PROBLEM STATEMENT >> Up to and including the line holding "同样我们再点击「高级编辑」,添加「动感模", write out the data exactly from its first line, but not the pictures.

** Opening PROVIDED RECORDS block **

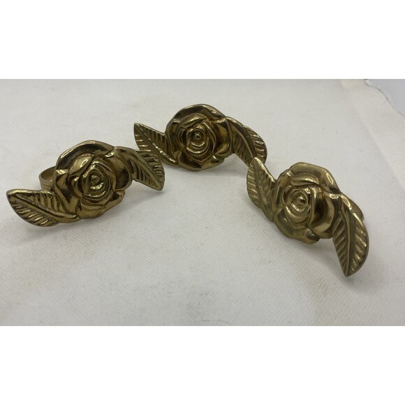 BRASS ROSE NAPKIN RINGS ~ SET OF 3.
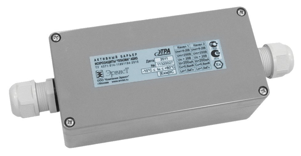 Активный барьер искрозащиты «Плазма» АБИЗ представляет собой единый неразборный блок, залитый компаундом и помещенный в пластмассовый корпус. При попадании высокого напряжения в искробезопасные цепи (идущие от ПКП или ИЭ к барьеру) барьер обеспечивает перегорание встроенного предохранителя и тем самым отключает защитную цепь от опасного напряжения. Защита от превышения тока в искрозащитной цепи обеспечивается утроением ячейки активной токовой защиты.
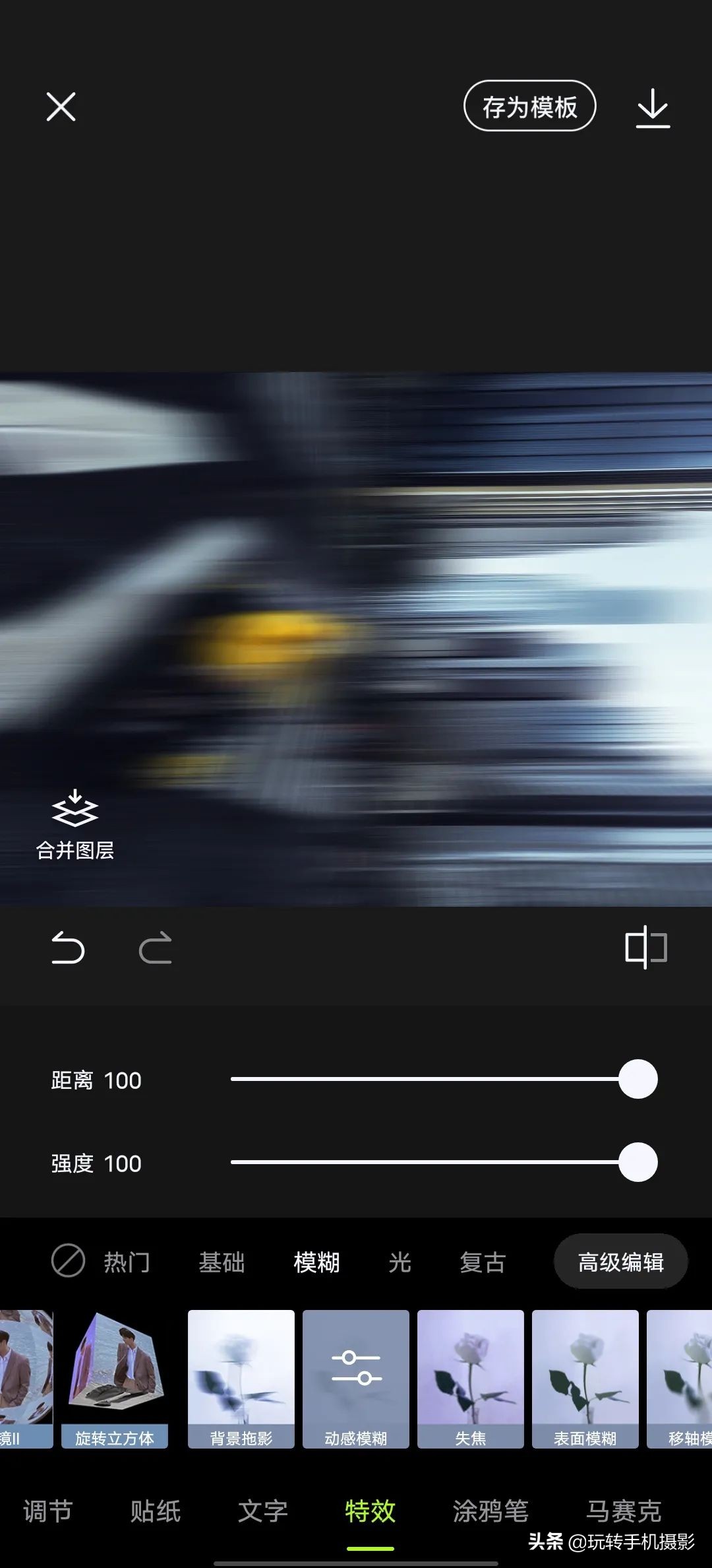 同样我们再点击「高级编辑」,添加「动感模糊」特效,距离和强度拉至100;根据相同操作,增加3~4个动感模糊就完成了。
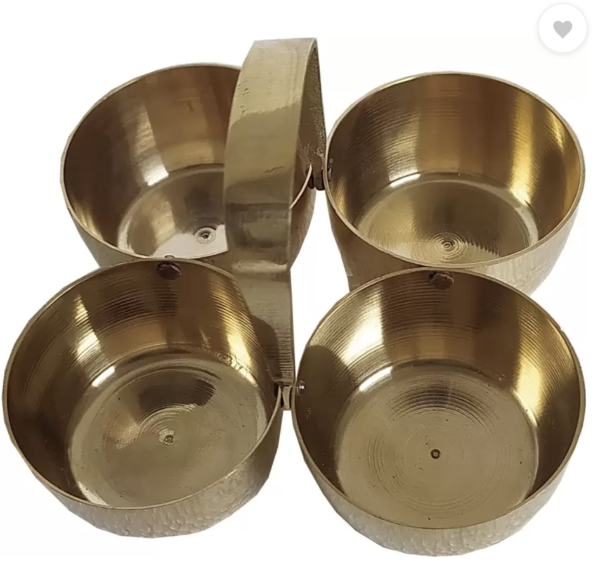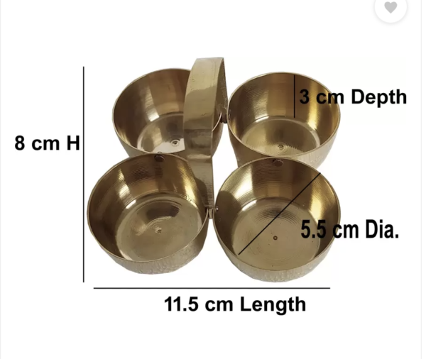 Chowmukh Haldi Kumkum , roli chawal, elaichi mishri brass bowl is a Four Container bowl Holder. This brass bowl Can be used for Worship at home/Temple/office, also an ideal gift for your loved ones.It ensures durability and is easy to clean. Grab one for yourself or your nears & dears. Brass 4 Katori In One For Pooja.This product adds elegance to your home decor. Add an element of spirituality to your home decor. It can also be an ideal addition to your pooja room. It could be a great gifting option for religious celebrations or festivals. Artisan crafts made by traditional sand casting methods by Moradabad artisans in North India.
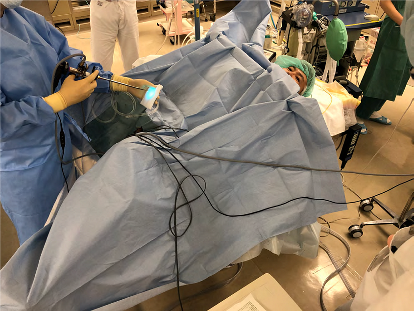 内視鏡手術を受ける中川先生。意識ははっきりしている=中川先生提供
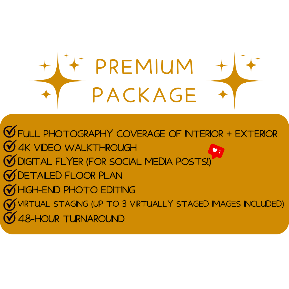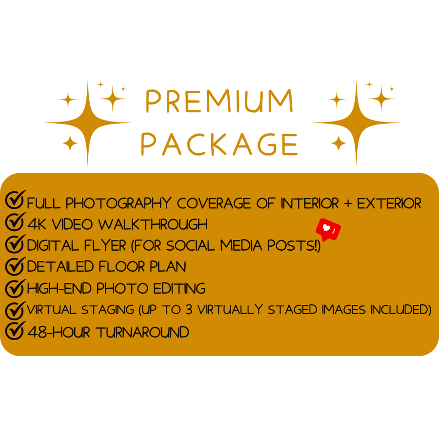 The Premium Package provides full photography coverage of your listing, using the latest mirrorless camera technology. It includes a 1-3 minute 4K video walkthrough, digital flyer (great way to brand yourself on social media), detailed floor plan, and professional high-end photo editing. It also includes 1-3 virtually staged images (and our add-on services give you the option to add more).Find additional Add-On Services Below:

** Closing PROVIDED RECORDS block **

RESULT >>
 BRASS ROSE NAPKIN RINGS ~ SET OF 3.
 Активный барьер искрозащиты «Плазма» АБИЗ представляет собой единый неразборный блок, залитый компаундом и помещенный в пластмассовый корпус. При попадании высокого напряжения в искробезопасные цепи (идущие от ПКП или ИЭ к барьеру) барьер обеспечивает перегорание встроенного предохранителя и тем самым отключает защитную цепь от опасного напряжения. Защита от превышения тока в искрозащитной цепи обеспечивается утроением ячейки активной токовой защиты.
 同样我们再点击「高级编辑」,添加「动感模糊」特效,距离和强度拉至100;根据相同操作,增加3~4个动感模糊就完成了。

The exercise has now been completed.